Выстрел на Большой Морской (Свечин) - страница 75

— Вы и попов душили? — удивился «иван».

— Двоих всего, и тех в столице. В Поиме нельзя было.

— Дед, а всё же ты тюлькагон[65], — сказал Лыков. — Всю жизнь гладко быть не может. Расскажи про тот случай.

Сторож нахмурил седые брови, буркнул угрюмо:

— Ну, вышло однова. С кем не бывает? Осёкся я что-то, и он успел пальцы под ремешок просунуть. Пришлось его саксоном[66] в спину добивать. Так это единый раз за пятьдесят годов!

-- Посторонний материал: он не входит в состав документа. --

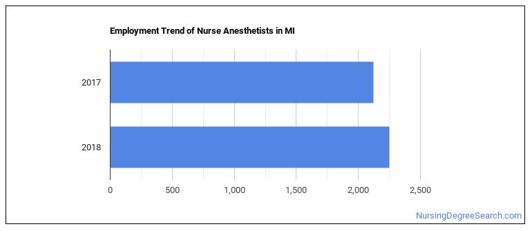 The BLS estimates 110 annual job openings, and a total of 2,110 jobs for Michigan Nurse Anesthetists in 2026.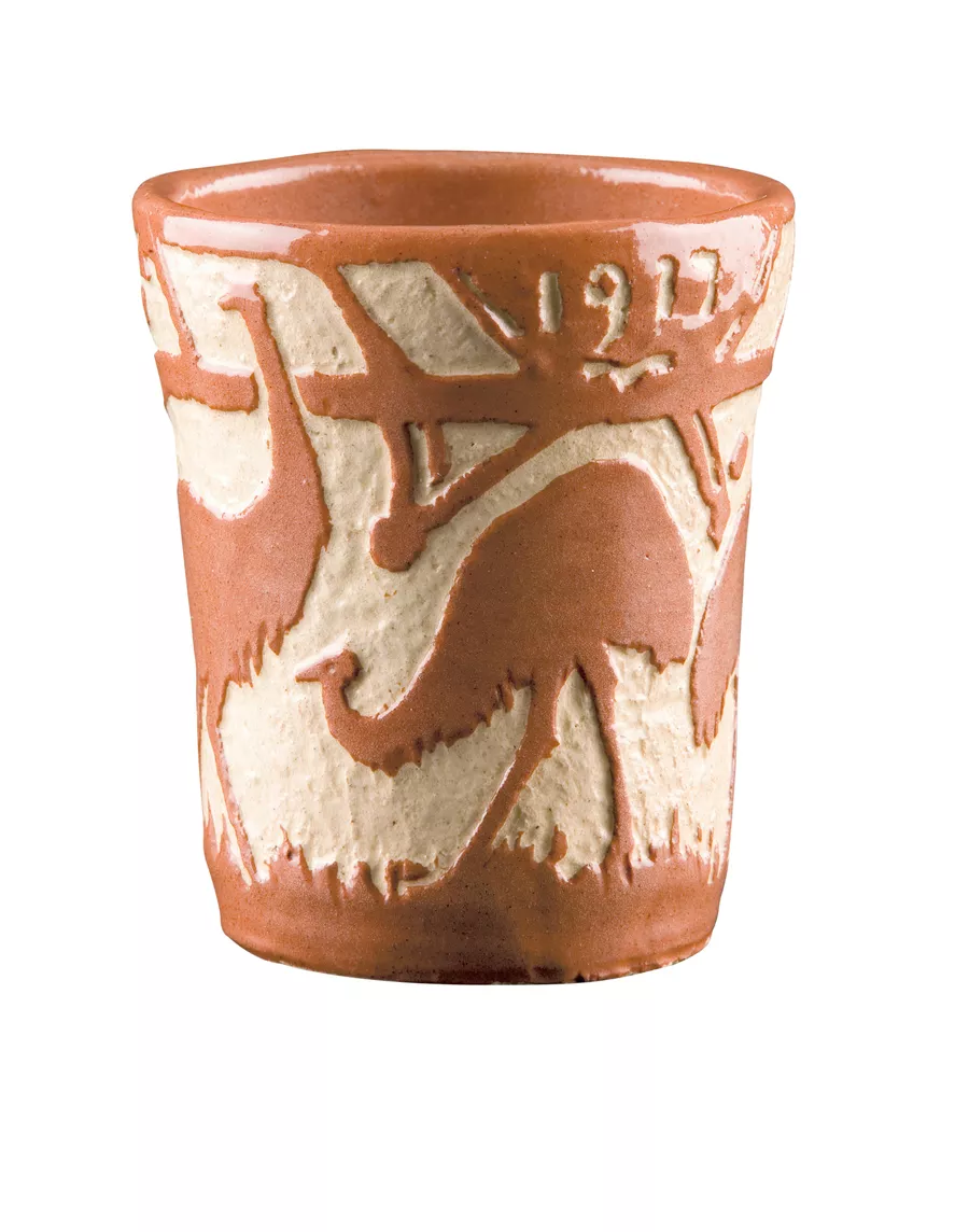 Gladys Reynell, born Glenelg, South Australia 4 September 1881, died Melbourne 16 November 1956, Emu beaker, 1917, London, earthenware with sgraffito decoration, 10.0 x 8.7 cm (diam.); South Australian Government Grant assisted by the Crafts Board of the Australia Council 1980, Art Gallery of South Australia, Adelaide, © Art Gallery of South Australia.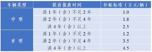 1.報(bào)廢車輛每輛補(bǔ)貼1萬(wàn)-4.5萬(wàn)(詳見(jiàn)表1),新購(gòu)車輛每輛補(bǔ)貼2.5萬(wàn)-9.5萬(wàn)(詳見(jiàn)表2)。

— Значит, саксон-то наготове держал?

— А как же? Завсегда. И его, и трифона[67]. Мало ли чего!

— И один всего раз осечку сделал? — продолжил расспросы Лыков. — Не верится… Скажи уж правду; нам интересно! Вот мне почудилось, будто ты прихрамываешь на правую ногу. Едва заметно. Это кто тебя так?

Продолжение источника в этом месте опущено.